Das vielfältige Medienengagement der katholischen Kirche spiegelt nach Marx die verschiedenen Positionen innerhalb der Kirche wider. „Dass es nur eine Sicht der Dinge gibt, war schon immer falsch.“ Dennoch müsse die Kirche mehr versuchen, im Mediengeschäft mit einer einheitlichen und starken Stimme aufzutreten. Um „im Gespräch zu bleiben“ sei entscheidend, zeitnah auf die in den Medien behandelnden Themen zu antworten. Dabei dürfe nicht vergessen werden, dass in Politik und Gesellschaft viele Akteure zu schnell handeln. Reflexion und Entschleunigung sei für die Kirche ebenso wie Klarheit und Transparenz wichtig. Die Menschen würden von der Kirche ein gründliches Nachdenken erwarten.

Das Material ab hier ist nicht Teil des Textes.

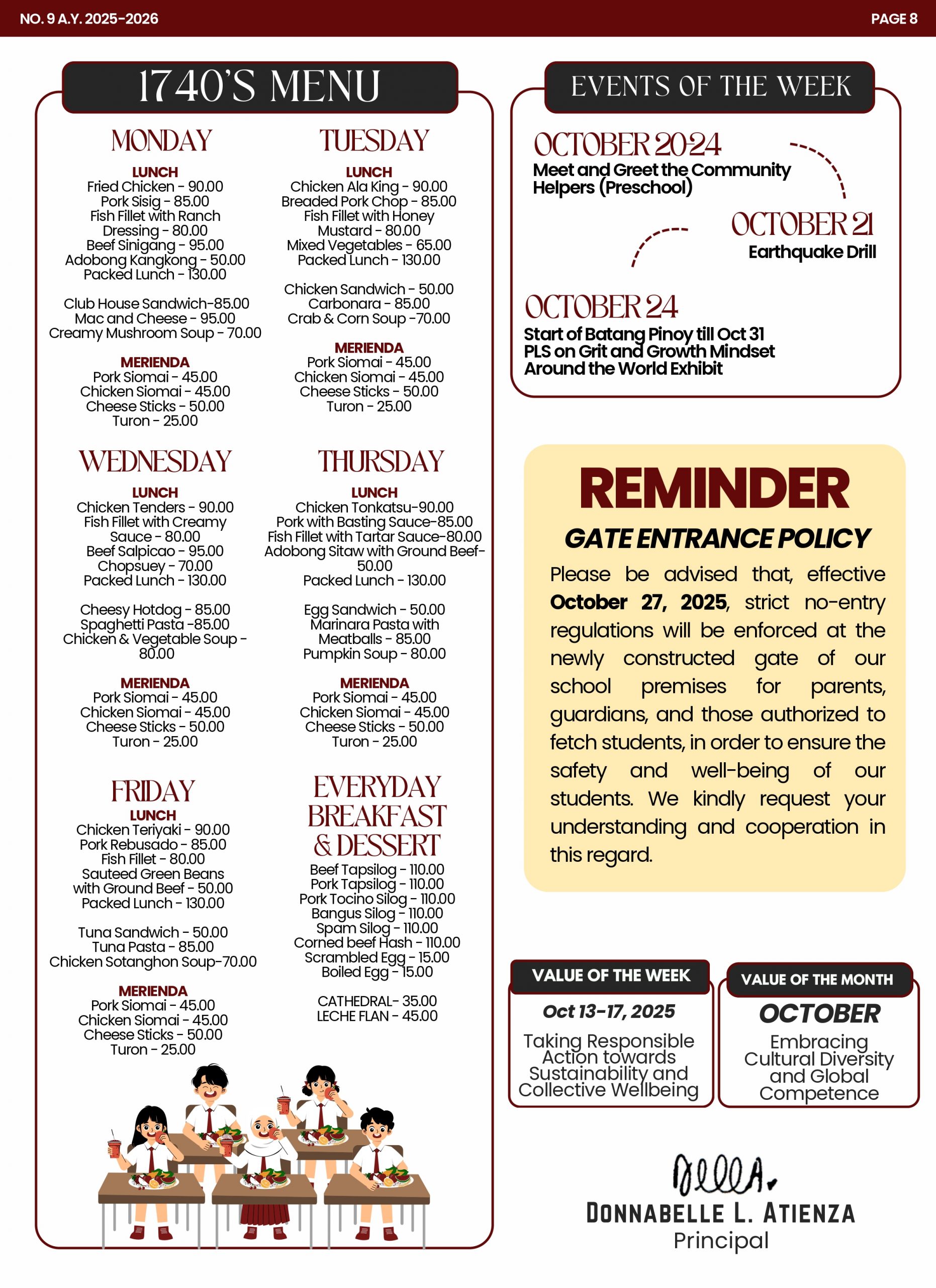 - Cafeteria Menu, Important Dates, Value of the Week and Month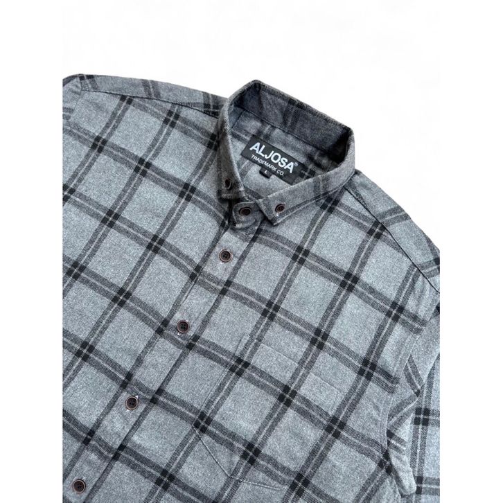 ALJOSA Kemeja Flannel Pria Lengan Panjang Hem Flanel Baju Cowok Motif Kotak Kotak Premium
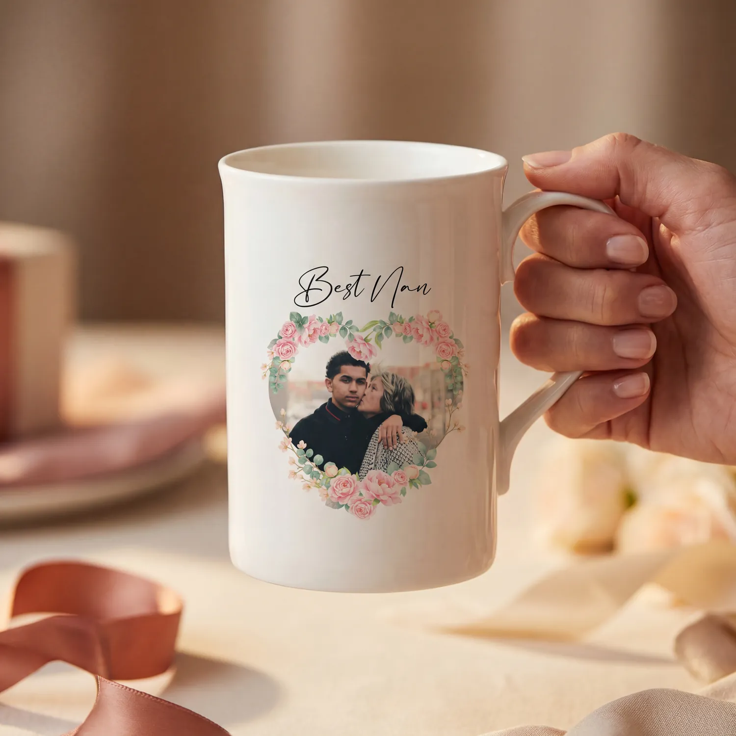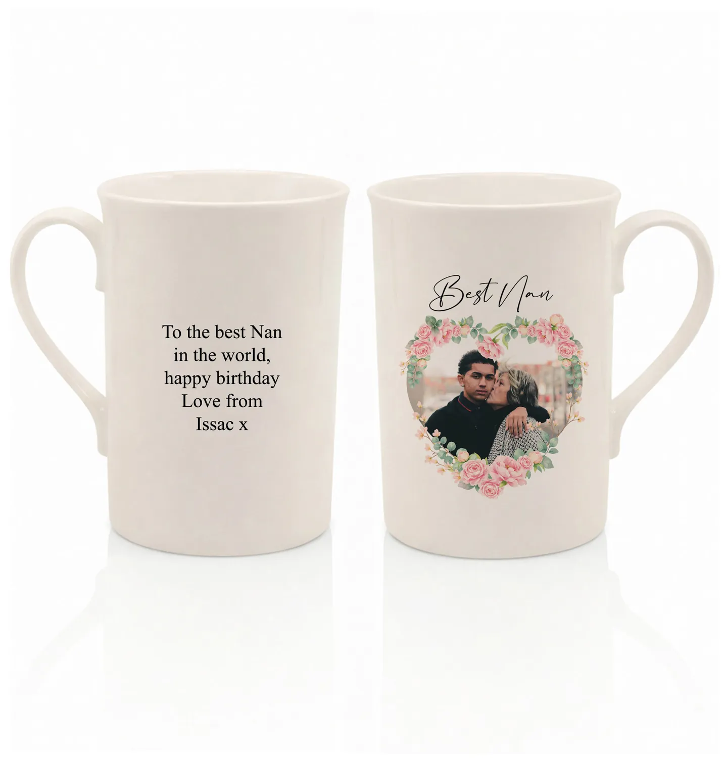 Featuring an elegant floral heart frame design and your personalised wording on the reverse, this mug blends timeless style with sentimental value. Whether it’s a cherished family photo, a picture of the grandchildren, or a moment you both love, it transforms an everyday essential into something unforgettable.

In das Podiumsgespräch leitete der neue geistliche Direktor des ifp, der Freiburger Domdekan Wolfgang Sauer, ein. Sauer bezeichnete die am 23. Mai 1971 veröffentlichte Pastoralinstruktion „Communio et progressio“, die sich mit der Wirkung und Funktionsweise sozialer Kommunikationsmittel sowie der Rolle der Medienmacher beschäftigt, als „Magna Charta“ der katholischen Journalisten. Es handle sich auch heute noch um ein „Dokument mit überraschender Modernität“.